Records from a data source »
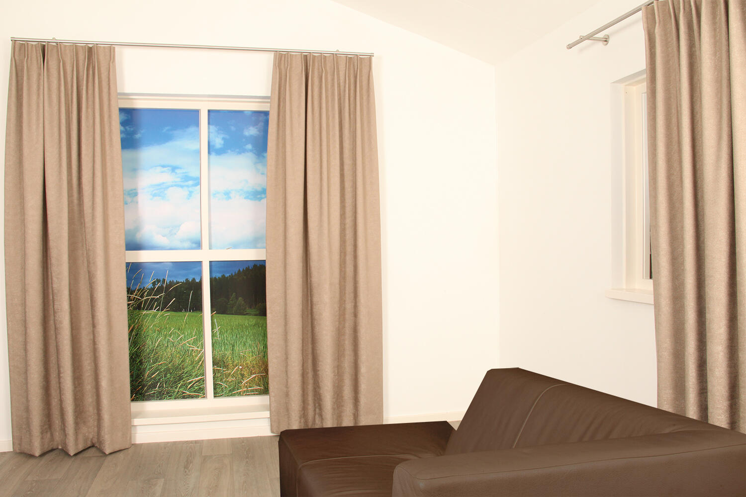 Rib is een kamerhoge stof, wat betekent dat deze gordijnen naadloos kunnen worden geconfectioneerd voor een luxe en elegante uitstraling.
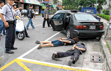 中新網(wǎng)5月26日電 據(jù)臺(tái)灣《中國(guó)時(shí)報(bào)》報(bào)道,高雄市警方在街頭攔車(chē)緝毒,兩名嫌犯拒檢,還開(kāi)車(chē)沖撞警員,警方開(kāi)了六槍?zhuān)戳舷雰擅矩満涟l(fā)無(wú)傷,卻有兩名路人被流彈碎片波及,所幸傷勢(shì)無(wú)大礙。
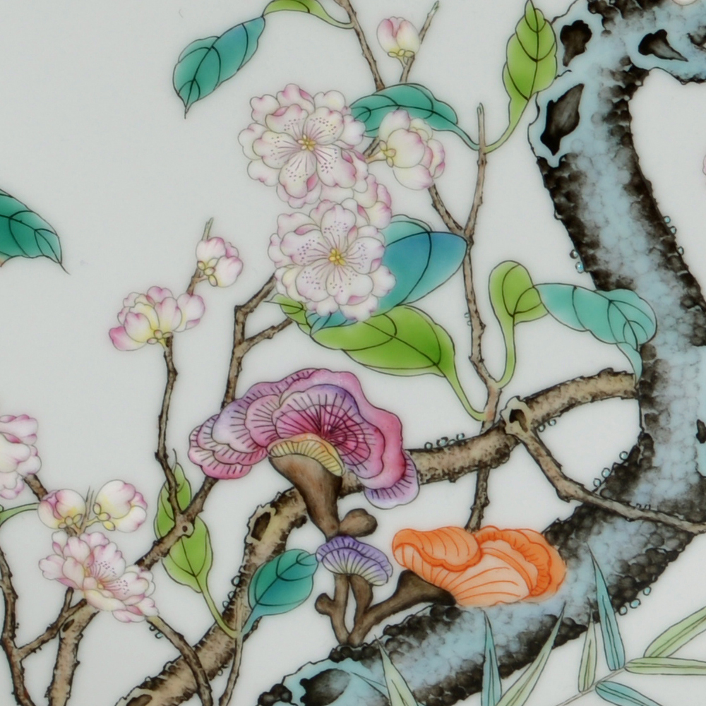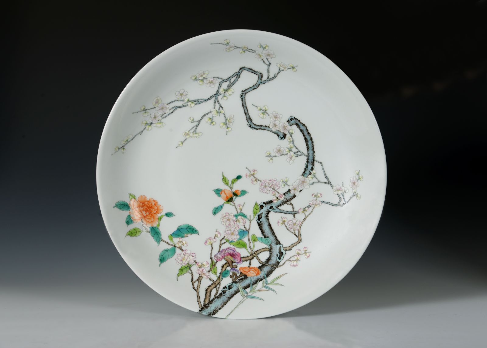 本藏品原件为清雍正朝官窑器,由“当代粉彩官窑”景德镇市传统粉彩瓷研究院成功复烧。此盘以粉彩绘梅枝,骨干精奇,枝上梅花盛开,一派雅意祥和之气,辅以吉瑞灵芝,更添得几分吉庆之兆。枝旁又绘茶花一丛,叶碧花绯,红翠相映,极具富贵之态。数枝花卉皆延伸至外壁,与盘内浑然一体,别具风韵。
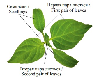 На рисунке 5 показан вид типичного растения перца, сформировавшегося на момент окончания эксперимента. Размеры первой пары настоящих листьев позволяют произвести измерения их оптической плотности.
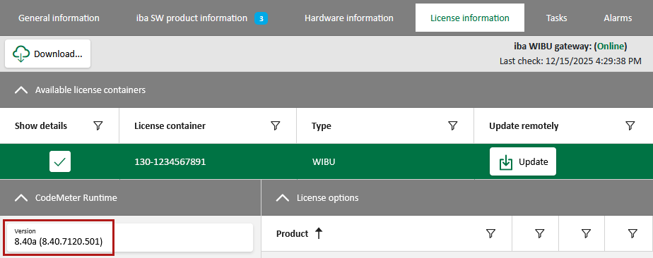 The license information in the web client at the system level now also displays the version number of WIBU CodeMeter Runtime. The already displayed build number is now shown in parentheses.

Assigned task » Leave out the pictures; repeat the data exactly.

Answer box »
 Rib is een kamerhoge stof, wat betekent dat deze gordijnen naadloos kunnen worden geconfectioneerd voor een luxe en elegante uitstraling.
 中新網(wǎng)5月26日電 據(jù)臺(tái)灣《中國(guó)時(shí)報(bào)》報(bào)道,高雄市警方在街頭攔車(chē)緝毒,兩名嫌犯拒檢,還開(kāi)車(chē)沖撞警員,警方開(kāi)了六槍?zhuān)戳舷雰擅矩満涟l(fā)無(wú)傷,卻有兩名路人被流彈碎片波及,所幸傷勢(shì)無(wú)大礙。
 本藏品原件为清雍正朝官窑器,由“当代粉彩官窑”景德镇市传统粉彩瓷研究院成功复烧。此盘以粉彩绘梅枝,骨干精奇,枝上梅花盛开,一派雅意祥和之气,辅以吉瑞灵芝,更添得几分吉庆之兆。枝旁又绘茶花一丛,叶碧花绯,红翠相映,极具富贵之态。数枝花卉皆延伸至外壁,与盘内浑然一体,别具风韵。
 На рисунке 5 показан вид типичного растения перца, сформировавшегося на момент окончания эксперимента. Размеры первой пары настоящих листьев позволяют произвести измерения их оптической плотности.
 The license information in the web client at the system level now also displays the version number of WIBU CodeMeter Runtime. The already displayed build number is now shown in parentheses.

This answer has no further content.